## Problem to work on:
Below are the records; extract from them the line containing "Tổng Bí thư, Chủ" to the line containing "下記URLのSoftware Download Archiveタブよりダウンロードして下さい。", both lines included, exactly and with no pictures.

## Data shown:
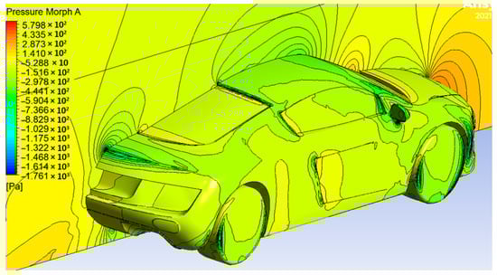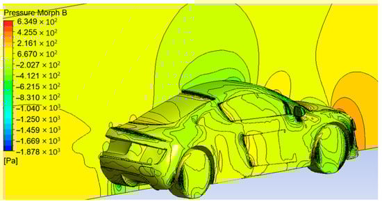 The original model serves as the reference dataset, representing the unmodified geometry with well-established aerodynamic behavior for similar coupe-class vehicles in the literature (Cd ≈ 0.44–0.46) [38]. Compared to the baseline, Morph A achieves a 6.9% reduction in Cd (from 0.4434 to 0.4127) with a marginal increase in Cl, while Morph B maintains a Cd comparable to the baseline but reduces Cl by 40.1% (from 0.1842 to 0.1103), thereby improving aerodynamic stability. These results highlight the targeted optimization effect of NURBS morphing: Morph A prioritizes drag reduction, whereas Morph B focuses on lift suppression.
...
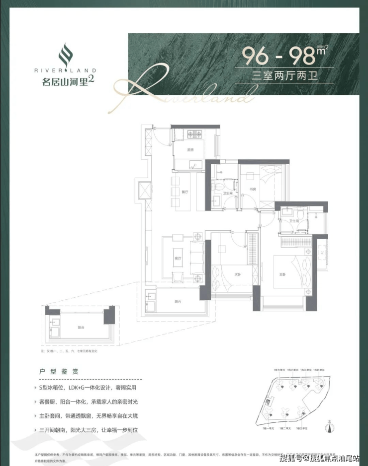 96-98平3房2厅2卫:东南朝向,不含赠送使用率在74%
---
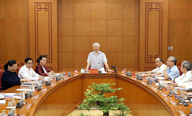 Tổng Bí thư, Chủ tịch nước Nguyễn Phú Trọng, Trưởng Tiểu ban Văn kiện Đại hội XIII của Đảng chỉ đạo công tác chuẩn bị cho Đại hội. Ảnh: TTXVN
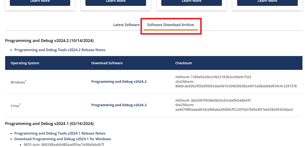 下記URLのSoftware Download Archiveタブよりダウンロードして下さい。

## Answer box:
 Tổng Bí thư, Chủ tịch nước Nguyễn Phú Trọng, Trưởng Tiểu ban Văn kiện Đại hội XIII của Đảng chỉ đạo công tác chuẩn bị cho Đại hội. Ảnh: TTXVN
 下記URLのSoftware Download Archiveタブよりダウンロードして下さい。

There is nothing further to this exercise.